По правде говоря, более дурацкого анекдота я в жизни не слышал, и мне показалось странным, что Дживз счёл возможным включить его в Гусикову речь. Однако впоследствии Дживз объяснил мне, что Гусик сильно изменил текст, так что с анекдотом всё было в порядке. Как бы то ни было, Гусик выдал его именно в этом conte, и, когда я скажу вам, что аудитория разразилась смехом, вы, надеюсь, поймёте, что Гусик стал самым настоящим фаворитом и любимцем публики. Быть может, бородач и несколько лиц во втором ряду и хотели, чтобы он как можно скорее закруглился, но большинство упорно не желало отпускать его со сцены.
Когда аплодисменты и крики <Браво!> смолкли, Гусик вновь заговорил.
- Да, - решительно произнёс он, - как прекрасен этот мир. Солнышко светит, птички щебечут, а жизнь полна оптимизма. И что тут плохого, я вас спрашиваю, мальчики, леди и джентльмены? Я счастлив, вы счастливы, все мы счастливы, даже жалкий ирландец, который гуляет по Бродвею, и тот счастлив. Хотя, если помните, их было двое, Пат и Майк, один побеждал, а другой участвовал. А сейчас, мальчики, я хочу, чтобы вы прокричали троекратное <ура> в честь этого прекрасного мира. Давайте, все вместе.
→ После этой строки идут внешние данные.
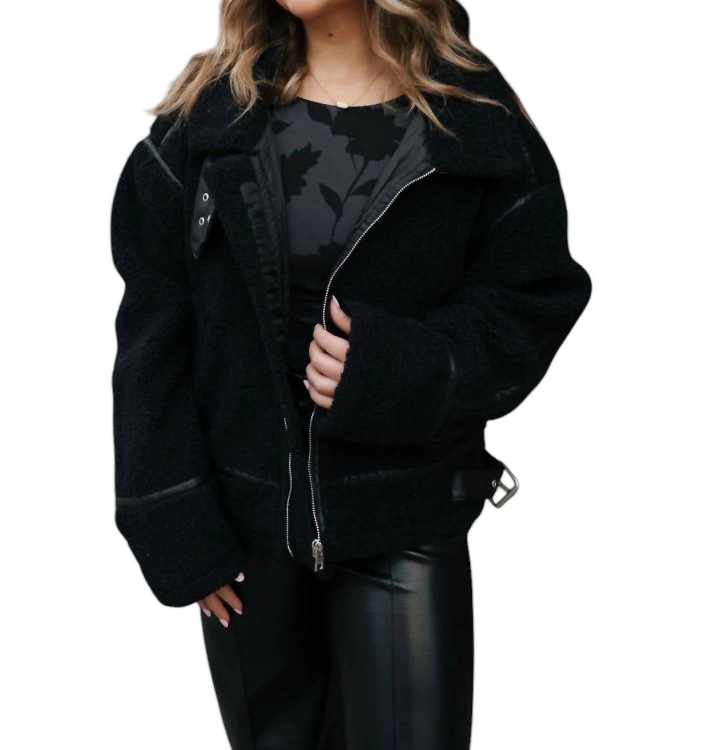 Não há nada mais legal do que esta jaqueta bomber de inspiração vintage. Mangas compridas elegantes com acabamento em camurça sintética. Confeccionada em uma mistura de lã macia e confortável. Possui gola careca e modelagem oversized. Bolsos laterais aparentes. Feita com fecho de zíper e detalhes em fivela motociclista prateada para um acabamento ousado. Silhueta oversized que você vai adorar.

Когда пыль осела и извёстка с потолка перестала сыпаться, он продолжал:
- Пусть кто-нибудь попробует сказать мне, что наш мир не прекрасен, и я отвечу ему, что он не знает, о чём говорит. Сегодня, когда я ехал сюда на машине, чтобы вручить вам эти замечательные призы, мне пришлось, к великому моему сожалению, отчитать человека, у которого я нахожусь в гостях, по этому самому поводу. Я имею в виду старика Тома Траверса. Вон он сидит во втором ряду рядом с крупной леди в бежевом платье.
Он ткнул пальцем, чтобы никто не ошибся, и сотня с лишним маркетснодсберийцев вытянули шеи в указанном направлении и уставились на густо покрасневшего дядю Тома.
- Я отчитал старикана по первое число, будьте уверены. Он выразил мнение, что человечество гибнет, но я сказал: <Не порите чушь, старикан Том Траверс>. - <Я никогда в жизни не порол чушь>, - возразил он, а я ответил: <В таком случае для начинающего вы делаете большие успехи>, и я надеюсь, вы согласитесь, мальчики, леди и джентльмены, что я задал ему перцу и всыпал как полагается.
Аудитория согласилась с энтузиазмом. История пришлась благодарным слушателям по душе. Из зала опять послышались крики <Браво!>, а мой мельник стал колотить в пол своей тростью, сильно смахивающей на дубинку.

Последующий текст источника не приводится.